*Supplied data*:
────────────────────────────────────────
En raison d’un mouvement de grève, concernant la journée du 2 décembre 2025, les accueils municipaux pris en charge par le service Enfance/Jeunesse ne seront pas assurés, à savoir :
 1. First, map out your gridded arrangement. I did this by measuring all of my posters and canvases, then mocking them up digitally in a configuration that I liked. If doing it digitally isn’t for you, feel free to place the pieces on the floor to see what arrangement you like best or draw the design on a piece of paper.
────────────────────────────────────────
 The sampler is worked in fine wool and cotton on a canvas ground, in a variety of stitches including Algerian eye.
────────────────────────────────────────
*Task description*: When you reach the line holding "En raison d’un" in the records above, begin reproducing exactly, stop after the line holding "1. First, map", and output nothing else.

*Exercise solution*:
En raison d’un mouvement de grève, concernant la journée du 2 décembre 2025, les accueils municipaux pris en charge par le service Enfance/Jeunesse ne seront pas assurés, à savoir :
 1. First, map out your gridded arrangement. I did this by measuring all of my posters and canvases, then mocking them up digitally in a configuration that I liked. If doing it digitally isn’t for you, feel free to place the pieces on the floor to see what arrangement you like best or draw the design on a piece of paper.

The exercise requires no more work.